Setting for Psychometric

Participants in the full psychometric analysis included 1,194 team members representing 120 different working health care teams. These teams practiced within a nonprofit health care system that includes urban and rural critical access hospitals and outpatient clinics across Oregon, Washington, and Alaska. Teams ranged in size from three to 39 members, with a mean of 9.95 and median of 8.0. Team composition included physicians, nurses, receptionists, administrators, and ancillary therapists. The response rate for completion of the test instruments was high, with 85% of participants answering all 31 questions and 95% answering 29 or more questions. No correlation was found between team size and number of questions answered (r=-0.046, P>.05). All TDM data collected were anonymous. Oregon Health & Science University’s Institutional Review Board reviewed this study and granted an exemption under 45 CFR 46.102(f).

Psychometric Analysis

Psychometric analyses involved a two-step process. In the first step, an MPlus promax exploratory factor analysis19 with items treated as ordinal variables was conducted to determine the number of underlying dimensions contained in the item set and to identify the subset of items that corresponds to each of the underlying dimensions. In the second step, a Rasch rating scale measurement model16-18 was applied with Winsteps16 software to transform ordinal numeric results to an interval score reflecting a range from 0–100. To assure that the created measurement scale is in fact equal interval (like a “yardstick”), the metric for all Rasch analysis is in logits (log odds units). To convert logit values to a user-friendly 0–100 scale (yardstick) from the summated 1–4 response category data, two components of conversion information are supplied by Winsteps: (1) the mean or center of the scale in 0–100 units, which in this study was 49.02 and (2) the size of one logit in 0–100 units, which in this study was 6.02. While, by definition, the center of a logit scale is zero and the size of a logit is one logit, the use of this conversion transforms logits into a 0–100 range where zero is the lowest possible score and 100 is the highest possible score, and the 0–100 remains an equal interval score.

For a comprehensive discussion of Rasch measurement models compared to other approaches, see Massof.17 Briefly, the Rasch model is a stochastic (represents random observations) mathematical statement of measurement that specifies that the probability of a respondent giving a specific response to a measurement item is a function of the ability of the respondent to agree or disagree with the item minus the difficulty of the item minus the difficulty of the response category.18 When a set of observations fits the model, the result is a true linear measure constituting a real number line representing the quantity of the construct present (eg, the amount of “teamness”).
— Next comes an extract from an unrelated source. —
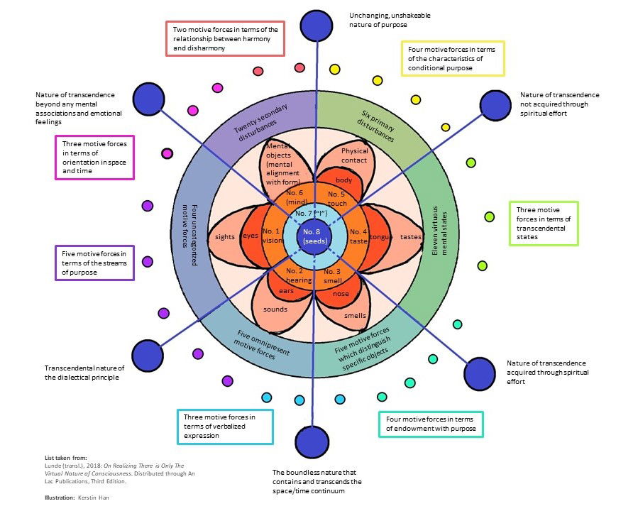 Vereinfacht gesagt bedeutet das, dass zum Beispiel eine "Kaffeetasse" erst dadurch "existiert", dass ihre physische Form von uns wahrgenommen, benannt und bewertet wird. Das ist der Grund, warum der Yogacara-Buddhismus lehrt, dass alles "Consciousness-Only" (engl.: "Alles nur Bewusstsein") ist: Denn ohne die Verarbeitung durch die acht Bewusstseinsarten könnten wir weder die Kaffeetasse, noch den Kaffee darin "erleben". Daraus folgt, dass es keine dhammas (wörtl.: Phänomene) gibt, die wirklich außerhalb und unabhängig vom Bewusstsein existieren. Alle kognitiven Prozesse basieren auf dem Zusammenspiel der acht Bewusstseinsarten, allerdings gibt es zahlreiche Faktoren, die mit hineinspielen, indem sie mal dieses, mal jenes Bewusstsein fördern, oder hemmen. Die Cheng Wei Shi Lun (eine chinesische Kernschrift des Yogacara) listet insgesamt 100 Faktoren auf, die zusammenwirken und so unser "Erleben" der Welt gestalten. Es ist ein hochkomplexes Modell, das wir hier nicht im Detail ausführen wollen; wenn du jedoch neugierig bist, hier ein kleiner Überblick (Grafik in englischer Sprache):

The location of an item on the scale represents the difficulty of the item or, in this case, how much team development a team member perceives as present to be able to endorse the item. The location of the individual team members on the scale is referred to as their “ability” or how much team development is present.

For the measure to be useful, all items must fit a single real number line (be uni-dimensional) as assessed by mean square error fit statistics.17 Item fit is the degree to which responses to an item fit expectations, given the ability of the respondent and the difficulty of the item. When this expectation is not met, the item is not contributing useful information in construct measurement. The overall precision of the measure is assessed by Rasch person reliability. One minus person reliability is the amount of error in measuring the construct.17 Mean square error fit statistics estimate the degree to which responses match what is expected given the calibrated item difficulty and person ability. A fit coefficient of 1.0 indicates perfect fit to Rasch model expectations. Fit values greater than 1.50 indicate the item is measuring something other than the intended construct. Fit values less than 0.5 indicate a lack of expected variability in responses (persons of very different ability are giving the same answer).16 Typically, few items are expected to have a perfect fit.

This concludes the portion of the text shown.